*Recorded data:*

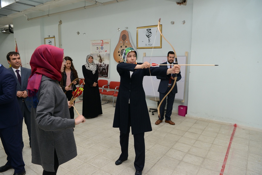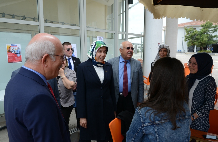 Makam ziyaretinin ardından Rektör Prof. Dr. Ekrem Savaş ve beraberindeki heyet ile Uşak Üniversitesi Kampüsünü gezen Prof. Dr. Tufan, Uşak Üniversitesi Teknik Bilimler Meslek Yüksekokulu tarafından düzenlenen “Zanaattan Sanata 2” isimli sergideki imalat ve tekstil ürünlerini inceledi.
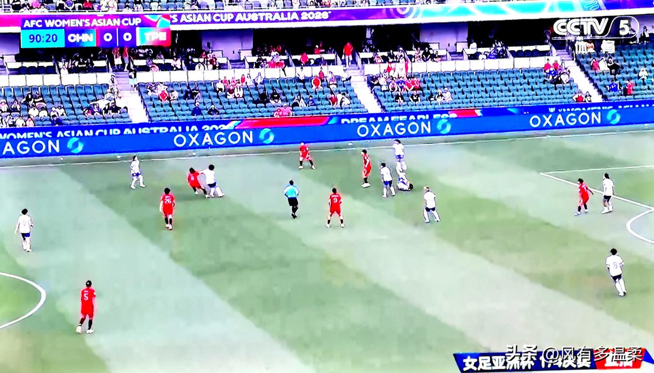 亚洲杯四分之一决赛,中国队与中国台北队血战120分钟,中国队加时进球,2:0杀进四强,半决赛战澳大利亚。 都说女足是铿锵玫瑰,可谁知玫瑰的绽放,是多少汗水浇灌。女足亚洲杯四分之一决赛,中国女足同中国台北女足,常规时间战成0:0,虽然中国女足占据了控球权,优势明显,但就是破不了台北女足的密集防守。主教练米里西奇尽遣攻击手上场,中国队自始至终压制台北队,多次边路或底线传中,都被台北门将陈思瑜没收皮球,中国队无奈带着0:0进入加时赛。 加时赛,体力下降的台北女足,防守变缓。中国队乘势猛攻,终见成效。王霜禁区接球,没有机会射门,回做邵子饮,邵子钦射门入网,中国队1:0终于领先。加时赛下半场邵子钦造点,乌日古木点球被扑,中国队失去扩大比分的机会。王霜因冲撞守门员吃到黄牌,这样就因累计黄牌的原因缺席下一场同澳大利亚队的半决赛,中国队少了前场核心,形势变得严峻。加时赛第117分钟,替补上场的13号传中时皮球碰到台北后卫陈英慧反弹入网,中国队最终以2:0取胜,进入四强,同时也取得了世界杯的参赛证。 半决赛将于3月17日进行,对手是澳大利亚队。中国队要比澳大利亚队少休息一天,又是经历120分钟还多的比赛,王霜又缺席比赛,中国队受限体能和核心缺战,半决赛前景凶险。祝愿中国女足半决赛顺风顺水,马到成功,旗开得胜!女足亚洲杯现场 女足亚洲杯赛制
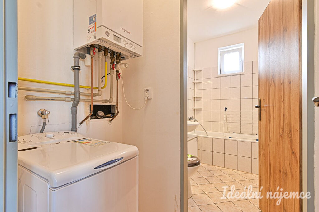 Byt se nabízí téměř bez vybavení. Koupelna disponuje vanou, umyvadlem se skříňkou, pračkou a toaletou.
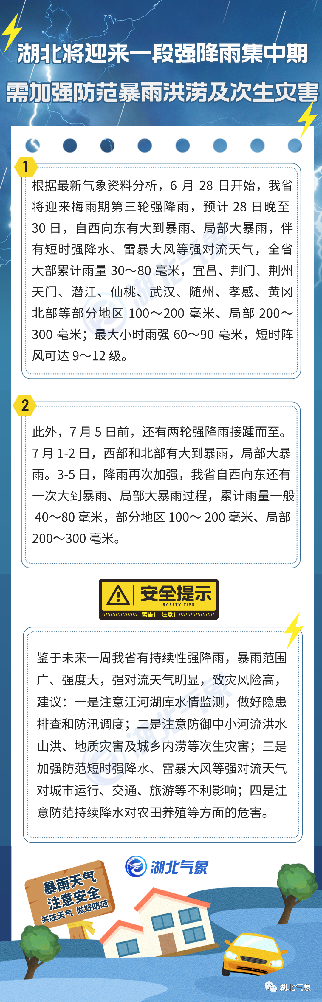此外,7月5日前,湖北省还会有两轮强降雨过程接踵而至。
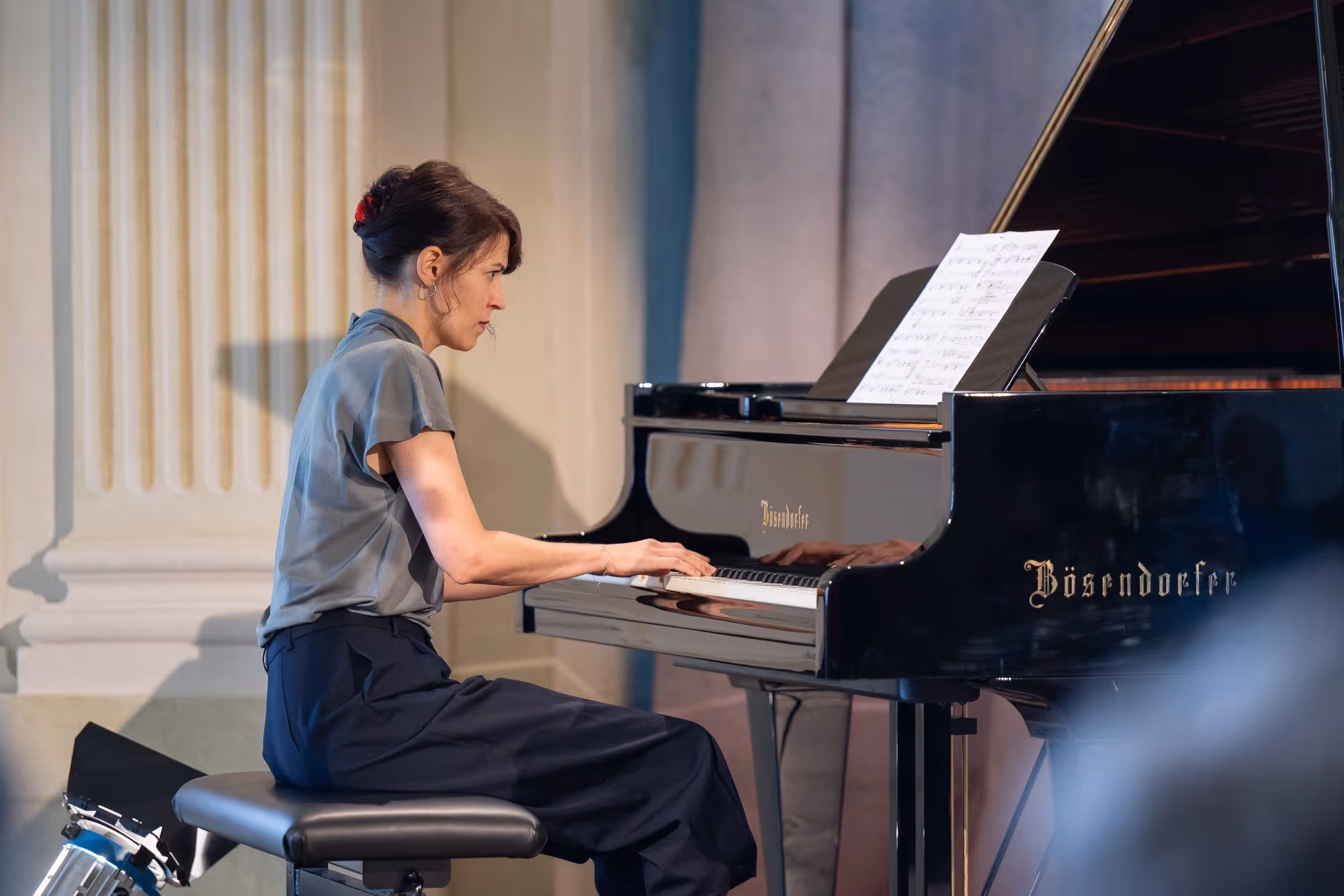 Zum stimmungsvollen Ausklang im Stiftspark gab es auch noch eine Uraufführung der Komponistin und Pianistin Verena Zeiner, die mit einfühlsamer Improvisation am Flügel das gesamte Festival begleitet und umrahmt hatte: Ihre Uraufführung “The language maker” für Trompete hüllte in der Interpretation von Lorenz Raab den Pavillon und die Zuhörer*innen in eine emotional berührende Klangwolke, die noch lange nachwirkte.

*Your task:*
From the records above, copy exactly the lines starting at the one with "Byt se nabízí" and ending at the one with "此外,7月5日前,湖北省还会有两轮强降雨过程接踵而至。", and no others. Pictures stay out.

*Answer to this task:*
 Byt se nabízí téměř bez vybavení. Koupelna disponuje vanou, umyvadlem se skříňkou, pračkou a toaletou.
此外,7月5日前,湖北省还会有两轮强降雨过程接踵而至。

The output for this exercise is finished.